Estimate your company's total carbon footprint across Scope 1, 2, and 3 emissions. Enter direct, energy, and supply chain data to see total CO2 in tonnes per year.
Businesses of all sizes contribute to climate change through their operations, energy purchases, and supply chains. Measuring a company's carbon footprint is the essential first step toward setting reduction targets, reporting to stakeholders, and meeting regulatory requirements. The GHG Protocol divides corporate emissions into three scopes: direct combustion (Scope 1), purchased energy (Scope 2), and value chain activities (Scope 3).
This Business Carbon Footprint Calculator simplifies the process by letting you enter estimates for each scope. For Scope 1, enter fuel consumption from company vehicles and onsite heating. For Scope 2, enter purchased electricity. For Scope 3, enter estimated supply chain and employee commuting emissions. The tool sums all three scopes into a total corporate footprint.
Whether you're a small business starting your sustainability journey or a larger firm benchmarking against industry averages, this calculator provides a quick, useful estimate that can guide more detailed auditing and reporting.
This measurement provides a critical foundation for energy auditing and sustainability reporting, helping organizations meet regulatory requirements and voluntary environmental commitments.
Corporate carbon measurement is increasingly required by regulators, investors, and customers. This calculator gives you a fast, structured estimate across all three emission scopes, helping you identify hotspots and set science-based reduction targets. Regular monitoring of this value helps energy teams detect usage anomalies early and address equipment malfunctions or operational issues before they drive utility costs higher.
Total CO2 = Scope 1 + Scope 2 + Scope 3. Scope 2 = Annual kWh × grid_factor / 1000 (in tonnes). Scopes 1 and 3 entered directly in tonnes.
Result: 1,130 tonnes CO2/year
Scope 1: 120 t. Scope 2: 500,000 × 0.42 / 1,000 = 210 t. Scope 3: 800 t. Total: 120 + 210 + 800 = 1,130 tonnes.

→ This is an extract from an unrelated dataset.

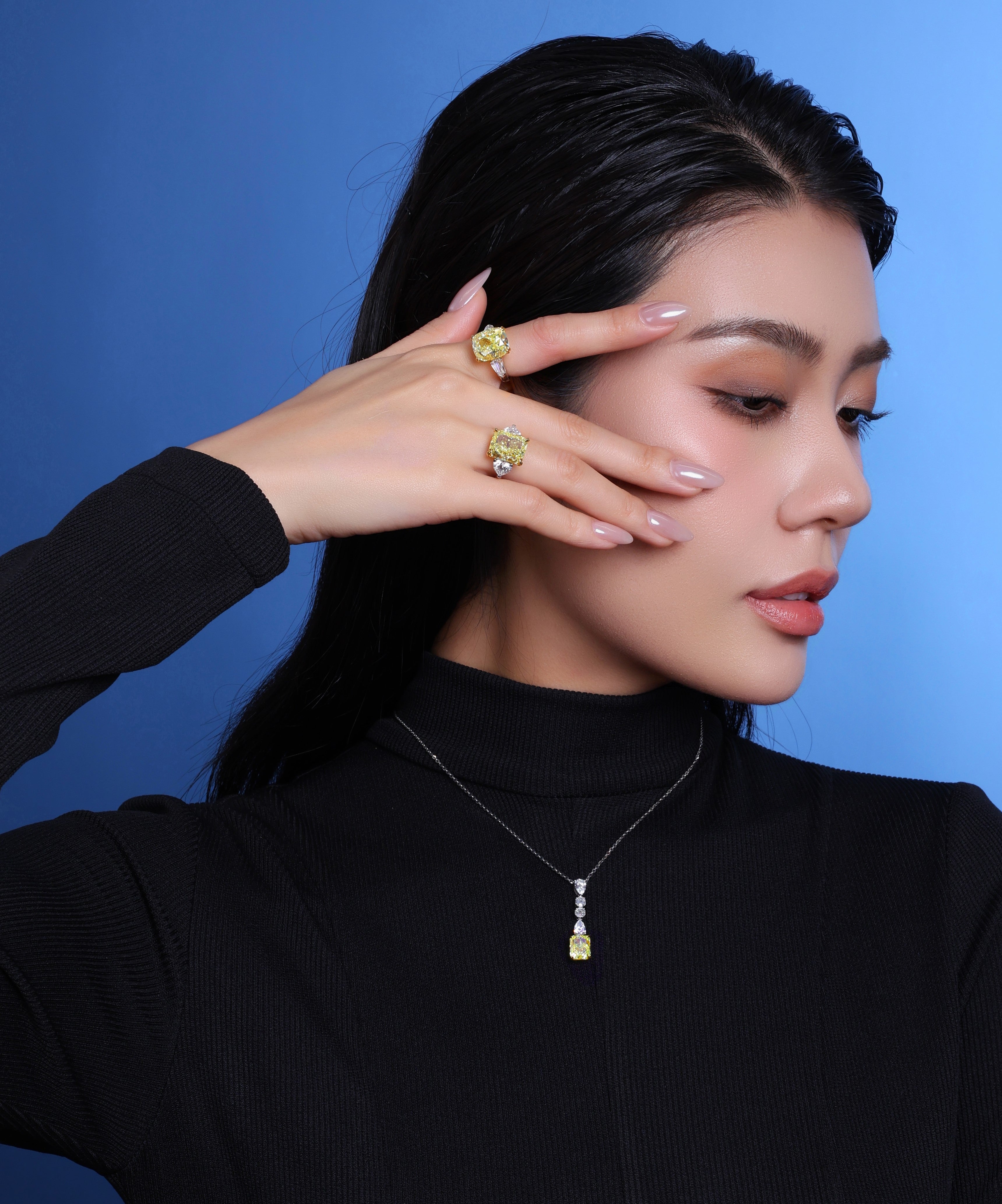 Đến từ bộ sưu tập Stellar Glow, chiếc nhẫn kim cương này là một tuyệt tác rực rỡ với viên kim cương chủ hình Cushion, nặng 10.03 carat, sắc độ Fancy Intense Yellow (FIY) – một trong những màu vàng sống động và quý hiếm nhất trong thế giới kim cương tự nhiên. Viên chủ như mang trong mình ánh hào quang của một ngôi sao vàng giữa vũ trụ, vừa ấm áp, vừa rực rỡ. Tôn vinh viên đá chủ là hai viên kim cương hình Bullet không màu, được chế tác riêng cho thiết kế này – hai chùm ánh sáng nằm đối xứng, như đôi cánh nâng đỡ cho vì sao trung tâm toả sáng. Sự kết hợp tương phản giữa sắc vàng mãnh liệt và sắc trắng tinh khiết tạo nên một bố cục hoàn hảo về thị giác.

The GHG Protocol established three scopes to organize corporate emissions. Scope 1 is direct and easiest to control. Scope 2 depends on energy purchasing decisions. Scope 3 spans the entire value chain and is the most comprehensive but also the most challenging to measure accurately.
Begin by collecting utility bills (Scope 2) and fuel purchase records (Scope 1). For Scope 3, use spend-based estimates as an initial proxy: multiply total procurement spending by industry-average emission factors. Refine over time with supplier-specific data.
Measurement without action is pointless. Once you have a baseline, identify the top three emission sources and develop reduction plans. Common quick wins include switching to renewable electricity, optimizing logistics, and encouraging remote work.
Scope 1 covers direct emissions from sources owned or controlled by your company. This includes fuel burned in company vehicles, natural gas used for heating, and any onsite industrial processes that produce CO2.
Scope 2 covers indirect emissions from purchased electricity, steam, heating, and cooling. Even though the emissions occur at the power plant, they result from your energy consumption and are attributed to your company.
Scope 3 includes all other indirect emissions in your value chain: employee commuting, business travel, purchased goods, transportation, waste, and use of sold products. It's typically the largest and hardest scope to measure.
While not always legally required, knowing your footprint helps you reduce costs, meet customer expectations, and prepare for future regulations. Many SMEs start with Scopes 1 and 2, which are straightforward to estimate.
This calculator provides a screening-level estimate. For formal reporting (CDP, SBTi, SEC climate disclosures), you'll need detailed activity data and verified emission factors. Use this tool to get started and identify priority areas.
A science-based target aligns your emission reduction goals with the Paris Agreement's aim to limit warming to 1.5°C. The SBTi validates targets, typically requiring a 4.2% annual reduction in absolute emissions.